ROC Curves and Precision-Recall curves

par(mfrow=c(1,2))
plot(inter1, annotate = 1, legend = "bottomright")
title("ROC curve")

plot(inter1, "prec/rec", annotate = 1, legend = "bottomright")
title("Precision-Recall")

ROC Curves and Precision-Recall curves - Nearest Neighbors Threshold

eval2 <- lapply(c(5, 10, 20, 30, 40, 50, 60, 70, 80), function(k){
  list(name = "UBCF", param = list(method = "pearson", nn=k))
})

names(eval2) <- paste0("UBCF_nn_", c(5, 10, 20, 30, 40, 50, 60, 70, 80))
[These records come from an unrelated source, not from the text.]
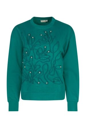 Deze heerlijk warme damestrui is gebreid van een zachte kwaliteit en afgewerkt met sierlijk opgestikt lint, dat zowel aan de voorkant als op de mouwen terugkomt. Her en der zijn kleine parels toegevoegd voor een subtiele glans en vrouwelijke touch. Perfect om te dragen op een jeans voor een cosy, maar elegante look met oog voor detail.
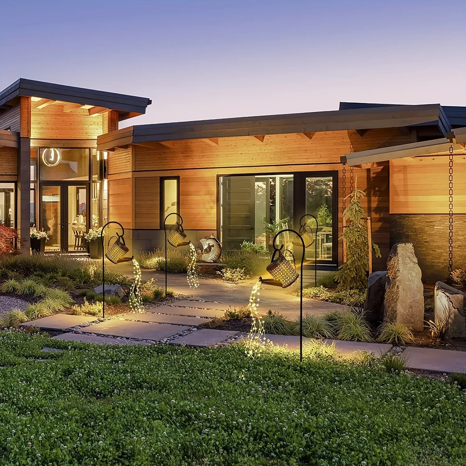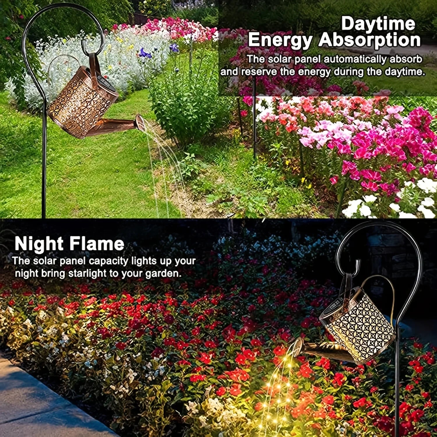 Questa lampada a forma di annaffiatoio solare proietta un suggestivo effetto di stelle grazie ai fili LED integrati. Resistente alle intemperie (IP65) e realizzata in ferro di alta qualità, funziona senza fili: si ricarica di giorno e si accende automaticamente di notte, creando un’atmosfera unica su patio, vialetti e balconi.
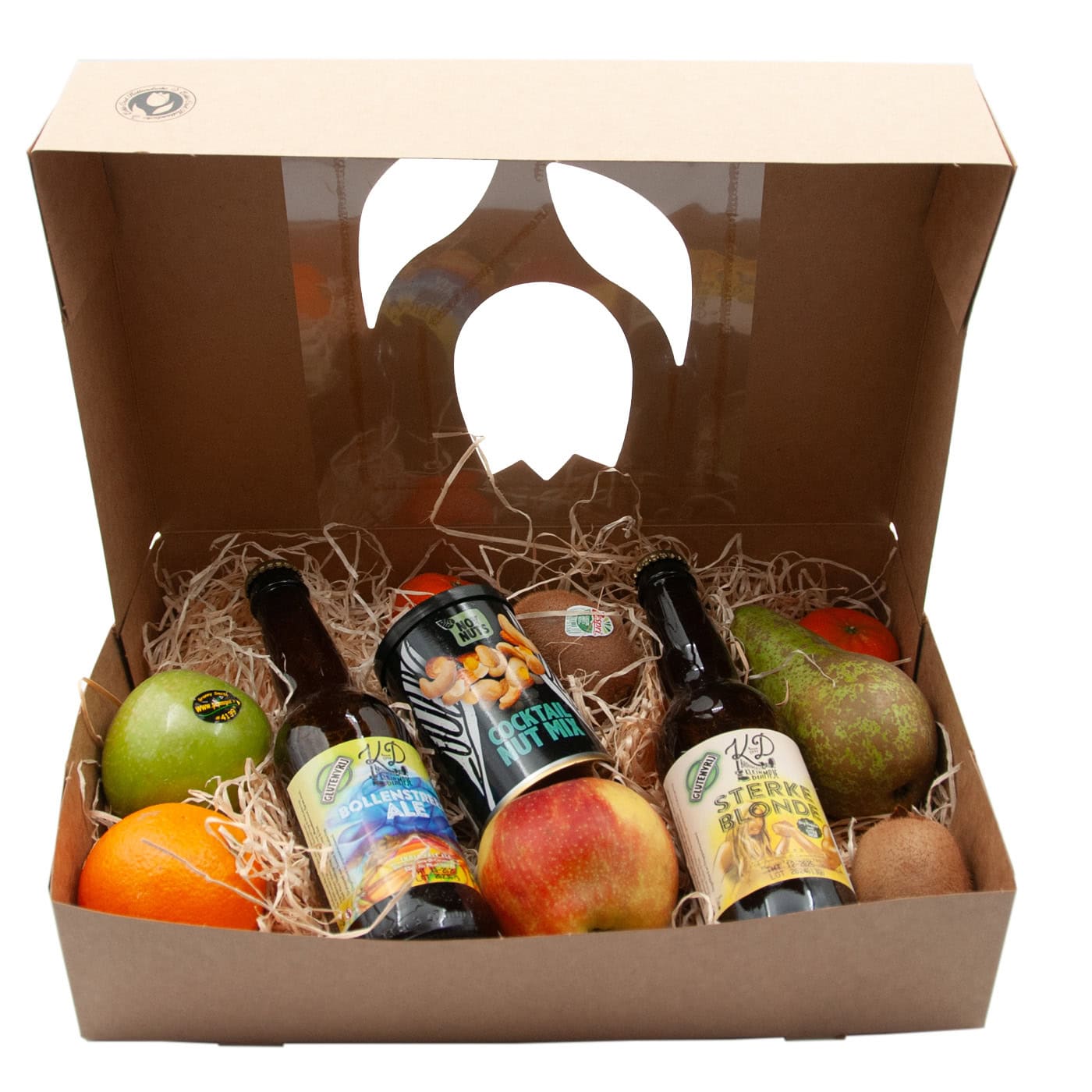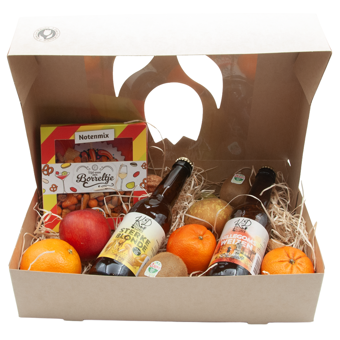 Fruit box with special beer and cocktail nut mix. This fruit box contains two bottles of special beer from the Klein Duimpje brewery
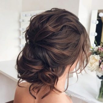 Thanks to a bunch of curls, it is possible to create a stunningly beautiful image of the bride. Although this hairstyle is a godsend for the prom, and for a corporate event, and for a romantic date.

inter2 <- evaluate(x = eval_sets, method = eval2, n = c(1, 5, seq(10, 100, 10)))
## UBCF run fold/sample [model time/prediction time]
##   1  [0.02sec/3.49sec] 
##   2  [0.03sec/3.43sec] 
##   3  [0.01sec/3.63sec] 
##   4  [0.04sec/3.47sec] 
## UBCF run fold/sample [model time/prediction time]
##   1  [0.02sec/3.62sec] 
##   2  [0.03sec/3.43sec] 
##   3  [0.03sec/3.4sec] 
##   4  [0.02sec/3.32sec] 
## UBCF run fold/sample [model time/prediction time]
##   1  [0.04sec/3.49sec] 
##   2  [0.03sec/3.41sec] 
##   3  [0.03sec/3.56sec] 
##   4  [0.03sec/3.62sec] 
## UBCF run fold/sample [model time/prediction time]
##   1  [0.01sec/3.48sec] 
##   2  [0.03sec/3.66sec] 
##   3  [0.02sec/3.49sec] 
##   4  [0.04sec/3.59sec] 
## UBCF run fold/sample [model time/prediction time]
##   1  [0.03sec/3.74sec] 
##   2  [0.03sec/4.02sec] 
##   3  [0.04sec/4.37sec] 
##   4  [0.03sec/4.33sec] 
## UBCF run fold/sample [model time/prediction time]
##   1  [0.03sec/3.9sec] 
##   2  [0.02sec/3.86sec] 
##   3  [0.03sec/3.66sec] 
##   4  [0.03sec/4.16sec] 
## UBCF run fold/sample [model time/prediction time]
##   1  [0.03sec/4.86sec] 
##   2  [0.03sec/4.1sec] 
##   3  [0.03sec/3.95sec] 
##   4  [0.03sec/3.56sec] 
## UBCF run fold/sample [model time/prediction time]
##   1  [0.02sec/3.66sec] 
##   2  [0.05sec/3.77sec] 
##   3  [0.04sec/4.46sec] 
##   4  [0.03sec/5sec] 
## UBCF run fold/sample [model time/prediction time]
##   1  [0.01sec/3.79sec] 
##   2  [0.03sec/4.07sec] 
##   3  [0.02sec/3.81sec] 
##   4  [0.01sec/3.84sec]
par(mfrow=c(1,2))
plot(inter2, annotate = 1, legend = "bottomright")
title("ROC Curve - UBCF")

plot(inter2, "prec/rec", annotate = 1, legend = "bottomleft")
title("Precision-Recall - UBCF")

RMSE Value

rmse1 <- Recommender(getData(eval_sets, "train"), "UBCF", parameter = list(method = "pearson", nn=20))
prediction <- predict(rmse1, getData(eval_sets, "known"), type="ratings", n=10)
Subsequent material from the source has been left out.